Why doesn't passing an address to a pointer array store that unique value?

Question

I'm trying to create a pointer array that holds strings of various sizes. I want to prompt the user for input, store the values in the array, and then print them using the following code:

#include <stdio.h>

int main() {

    char *string_array[10];

    for (int x = 0; x < 2; x++)
    {
        char string[50];
        printf("Input Name of Fruit number %d\n", x);
        fgets(string, 50, stdin);
        string_array[x] = string;
    }

    for (int x = 0; x < 2; x++)
    {
        printf("%s\n", string_array[x]);
    }
    return 0;
}

I expected this code to take in two user prompts and store the address of each string. However, when I run the code, the final user prompt represents the value stored at each address in the pointer array. On inspection, I found that every address is the same.

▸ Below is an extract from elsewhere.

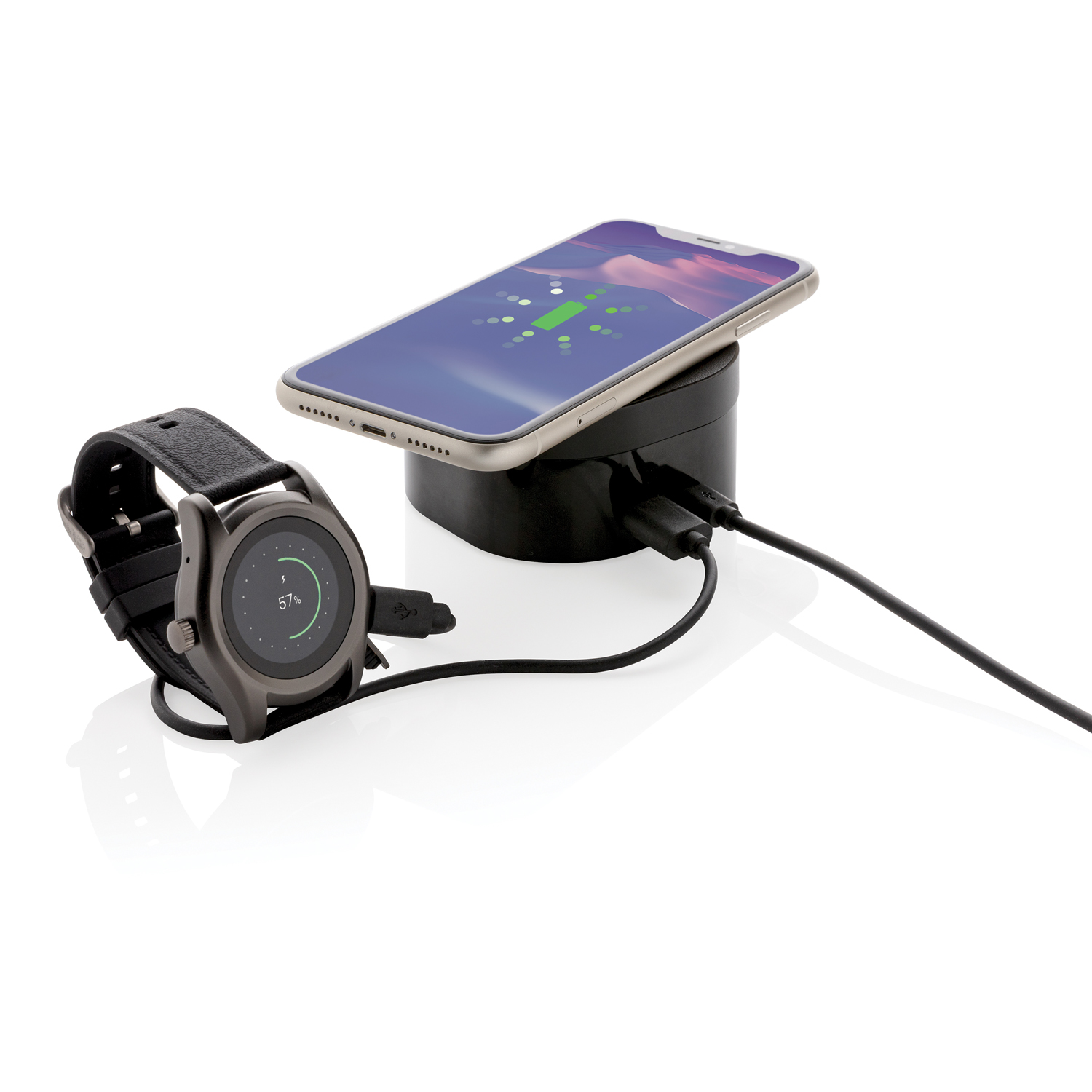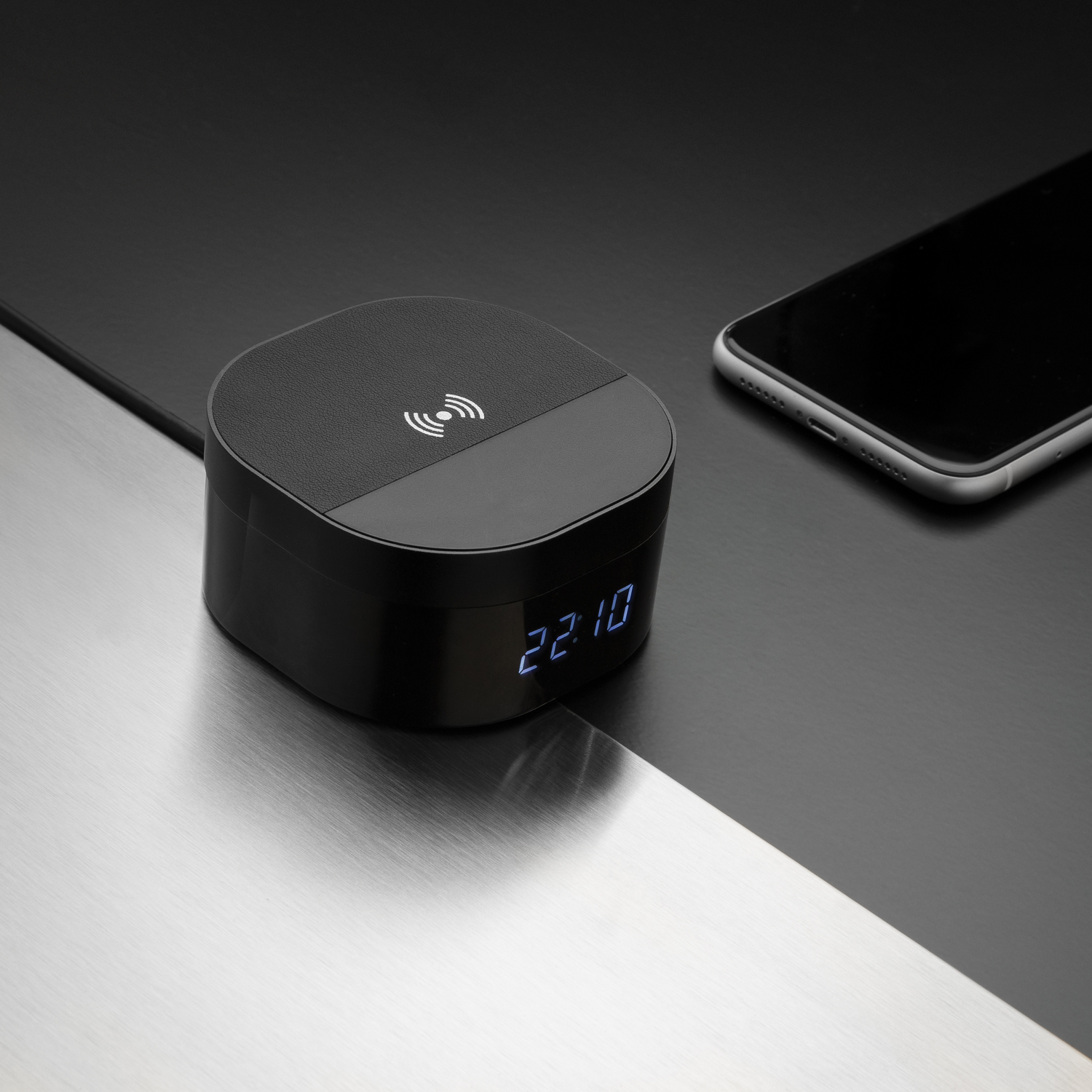 Функциональность и скандинавский стиль воплотились в нашей новой беспроводной док-станции Aria со встроенными цифровыми часами. Благодаря своему дизайну док-станция будет прекрасно смотреться как на вашем рабочем месте, так и на прикроватной тумбочке. Корпус устройства изготовлен из прочного алюминия и полиуретана. В комплекте идет Micro-USB кабель длиной 1,5 метра. Подходит для зарядки любых мобильных девайсов, поддерживающих стандарт Qi*, таких как Android последнего поколения, iPhone 8 и выше. Входное напряжение: 5V / 2A. Беспроводное выходное напряжение: 5V / 1A.

I presume this is because the string variable is instantiated to the same address every time, or is never changed despite being defined in each for loop. What's happening here with the addresses to prevent this code from working?

`char string[50];` defines a *local* variable inside the loop itself. Each iteration of the loop, and when the loop ends, the life-time of this variable ends, leaving you with invalid pointers. — Some programmer dude, Feb 19 '23 at 11:29
It's actually *undefined behaviour*. You are storing the same address of the same buffer, but when you report the strings, that buffer has gone out of scope. What you can do is to make a copy: `string_array[x] = strdup(string);` — Weather Vane, Feb 19 '23 at 11:29
Aside: when you have that working, you'll notice that a blank line separates each string you print, because `fgets()` retains the newline (if there is room). Please see [Removing trailing newline character from fgets() input](https://stackoverflow.com/questions/2693776/removing-trailing-newline-character-from-fgets-input/28462221#28462221) — Weather Vane, Feb 19 '23 at 11:34
@WeatherVane Okay, so `strdup` duplicates the string, puts it in a new memory address and assigns that memory address to the pointer array. If the `strdup` call is within the for loop too, why doesn't that new memory address go out of scope? — Connor, Feb 19 '23 at 13:50
Because behind the `strdup` allocates memory dynamically, which does not go out of scope. Local stack variables go out of scope. I meant the last loop of the program is reporting what it did. — Weather Vane, Feb 19 '23 at 14:59
`strdup()` uses `malloc()` to allocate memory dynamically on the heap. The allocated memory does not go out of scope without a deliberate call to `free()`, or until the program exits. — Harith, Feb 19 '23 at 16:58

Harith · Answer 1 · 2023-02-19T11:53:44.717

2

for (int x = 0; x < 2; x++)
{
        char string[50];
        printf("Input Name of Fruit number %d\n", x);
        fgets(string, 50, stdin);
        string_array[x] = string;
}

The array string in this loop has block scope. It ceases to exist when the block ends. So string_array[0] and string_array[1] will be pointing to memory that no longer exists, and accessing that memory would invoke undefined behaviour.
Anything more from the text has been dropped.